# godflesh fan or ex fan, please comment on there new released post-self or whatever?



## deprofundis (Apr 25, 2014)

I heard there new post-self song seem promessing, than i ight had i a godflesh devotee since a teenager im listening to the single xnoybis and Crush my soul ep's, respectively rew hard industrial dub mix less metalic ore indus, 

Godflesh no ordinary death metal or metal per se band there art-rock, there metallic rock, metal, noise indus.State of the art estetic, cold , dark, often brutal blugeoning yah into smiterin!

Anyway if your a fan or like godflesh feel free to comment,message, it's my ost metalic i did not said metal nor rock,get it , heavy stuff.I am mostly a classical music dude and a neophyte in experimental jazz, i like ambient , noise bands, ect...

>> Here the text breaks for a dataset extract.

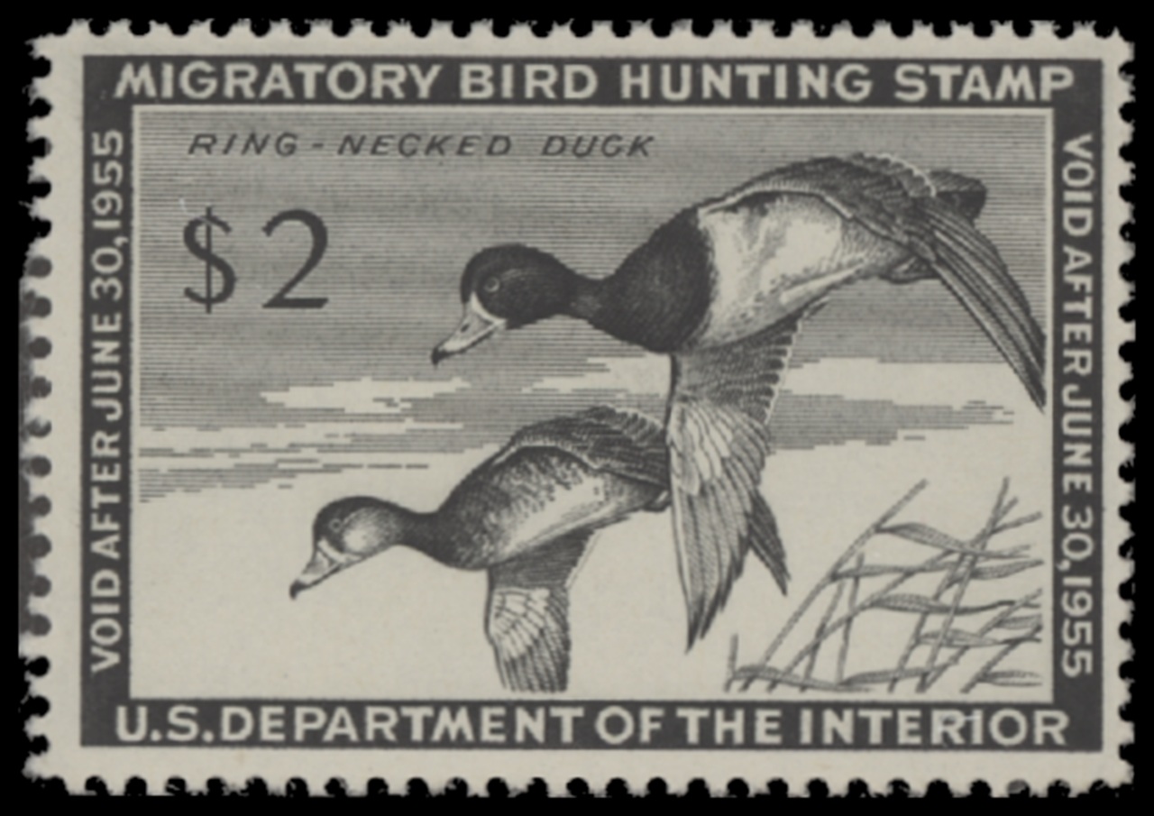 RW21 1954 Federal Duck Stamp. Mint Never Hinged. Fine - Very Fine. Ring-necked Duck by Harvey Sandstrom.

Godflesh is avant-garde so i hail Godflesh, i hail mister Broadrick, and the bassit since they are a duo mostly,the bass in godflesh as a blueprint it's cruching, loudness factor (i.e wounds streetcleaner) check the bassline it crushes lol

This was my dissection of the odd band that is godflesh.

:tiphat:


----------



## deprofundis (Apr 25, 2014)

Back than i did not appreciated* Song of love in dub* , but now whit *GODFLESH* post-self album they ares re-invinting rock/metal/noise / dub, i purchased this released , pretty spacy, groovy, ecclectic , sir Broadrick your a genieous, this album loungy ,heavy but moody.


----------